Start of Data extract

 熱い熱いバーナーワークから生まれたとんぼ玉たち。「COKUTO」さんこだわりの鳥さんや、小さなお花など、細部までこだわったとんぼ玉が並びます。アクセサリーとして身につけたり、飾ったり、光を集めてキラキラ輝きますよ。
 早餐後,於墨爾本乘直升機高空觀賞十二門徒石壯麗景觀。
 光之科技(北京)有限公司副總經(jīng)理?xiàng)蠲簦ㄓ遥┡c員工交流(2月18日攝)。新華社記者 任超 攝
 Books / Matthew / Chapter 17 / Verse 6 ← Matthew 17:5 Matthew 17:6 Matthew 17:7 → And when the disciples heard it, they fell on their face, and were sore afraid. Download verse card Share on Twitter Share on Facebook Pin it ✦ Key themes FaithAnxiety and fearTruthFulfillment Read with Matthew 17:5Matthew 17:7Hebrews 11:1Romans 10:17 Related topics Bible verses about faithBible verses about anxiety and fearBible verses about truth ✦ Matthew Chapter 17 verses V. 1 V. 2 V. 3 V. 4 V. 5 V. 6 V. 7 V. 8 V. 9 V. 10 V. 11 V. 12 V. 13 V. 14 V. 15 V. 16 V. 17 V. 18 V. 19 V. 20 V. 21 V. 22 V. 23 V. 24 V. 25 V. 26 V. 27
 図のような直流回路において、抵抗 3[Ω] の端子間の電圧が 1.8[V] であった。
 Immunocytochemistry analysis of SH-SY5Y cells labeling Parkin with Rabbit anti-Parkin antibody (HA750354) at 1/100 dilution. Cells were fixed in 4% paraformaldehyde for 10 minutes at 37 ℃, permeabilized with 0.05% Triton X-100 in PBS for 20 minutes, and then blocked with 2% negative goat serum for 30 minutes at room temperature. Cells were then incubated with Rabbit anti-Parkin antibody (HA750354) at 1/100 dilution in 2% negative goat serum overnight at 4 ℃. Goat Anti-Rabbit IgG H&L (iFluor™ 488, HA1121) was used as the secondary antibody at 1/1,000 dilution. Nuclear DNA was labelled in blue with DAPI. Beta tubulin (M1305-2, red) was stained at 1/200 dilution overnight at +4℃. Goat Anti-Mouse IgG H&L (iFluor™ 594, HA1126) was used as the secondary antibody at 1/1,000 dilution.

End of Data extract

→ **What is expected**: Set down exactly, and only, the lines from the one containing "図のような直流回路において、抵抗 3[Ω] の端子間の電圧が 1.8[V] であった。" through the final line of the entries above.

→ **Solved exercise**:
 図のような直流回路において、抵抗 3[Ω] の端子間の電圧が 1.8[V] であった。
 Immunocytochemistry analysis of SH-SY5Y cells labeling Parkin with Rabbit anti-Parkin antibody (HA750354) at 1/100 dilution. Cells were fixed in 4% paraformaldehyde for 10 minutes at 37 ℃, permeabilized with 0.05% Triton X-100 in PBS for 20 minutes, and then blocked with 2% negative goat serum for 30 minutes at room temperature. Cells were then incubated with Rabbit anti-Parkin antibody (HA750354) at 1/100 dilution in 2% negative goat serum overnight at 4 ℃. Goat Anti-Rabbit IgG H&L (iFluor™ 488, HA1121) was used as the secondary antibody at 1/1,000 dilution. Nuclear DNA was labelled in blue with DAPI. Beta tubulin (M1305-2, red) was stained at 1/200 dilution overnight at +4℃. Goat Anti-Mouse IgG H&L (iFluor™ 594, HA1126) was used as the secondary antibody at 1/1,000 dilution.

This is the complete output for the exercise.